Go to the line containing "這是什錦(或是總匯)披薩39" in the material below. From there to the end, retype every line exactly and drop the pictures.

Data:
═══
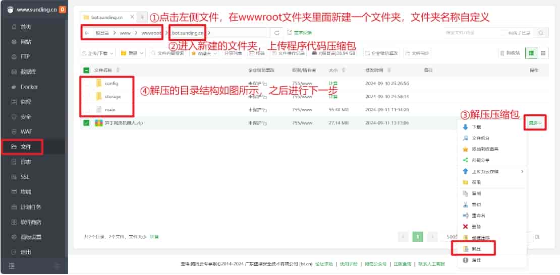 1. 新建目录,上传程序压缩包并解压 新建目录
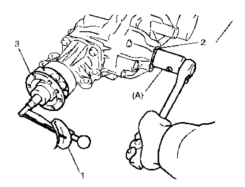 1. Install transfer output retainer assembly (1) with bevel pinion shims (2) selected in Transfer Bevel Pinion Shim Adjustment to transfer sub-assembly (3).
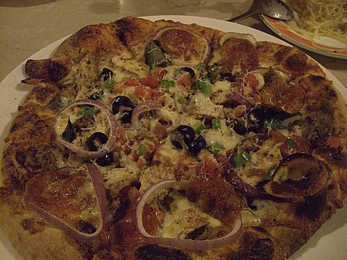 這是什錦(或是總匯)披薩390元,披薩餅皮不像必勝客那麼厚,但是很Q,很有咬勁上來的時候已經先切片好了。
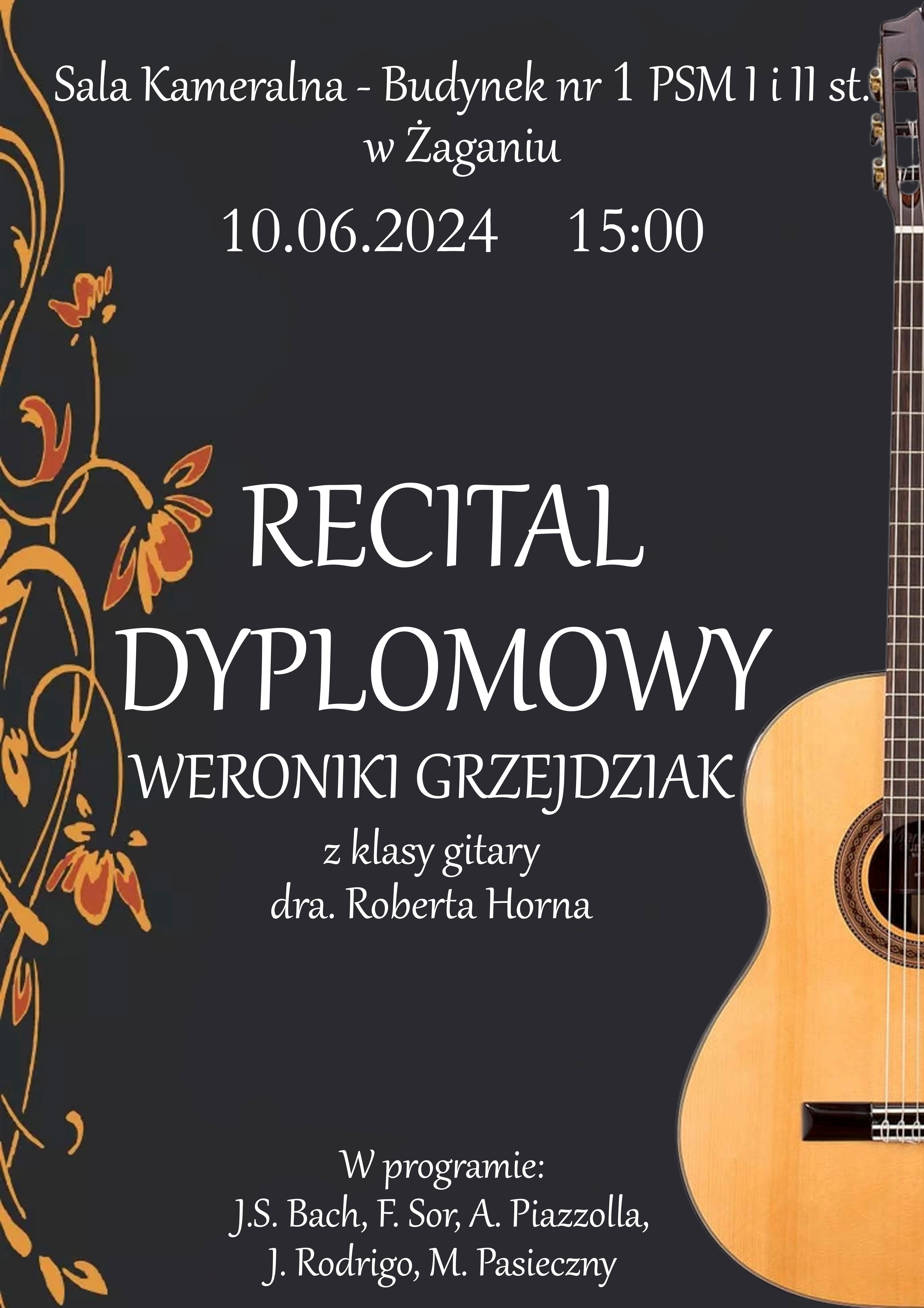 10 czerwca 2024 r. w naszej szkole odbędą się otwarte dla publiczności Recitale dyplomowe uczniów klasy VI PSM II stopnia:
═══
Output of the task:
 這是什錦(或是總匯)披薩390元,披薩餅皮不像必勝客那麼厚,但是很Q,很有咬勁上來的時候已經先切片好了。
 10 czerwca 2024 r. w naszej szkole odbędą się otwarte dla publiczności Recitale dyplomowe uczniów klasy VI PSM II stopnia:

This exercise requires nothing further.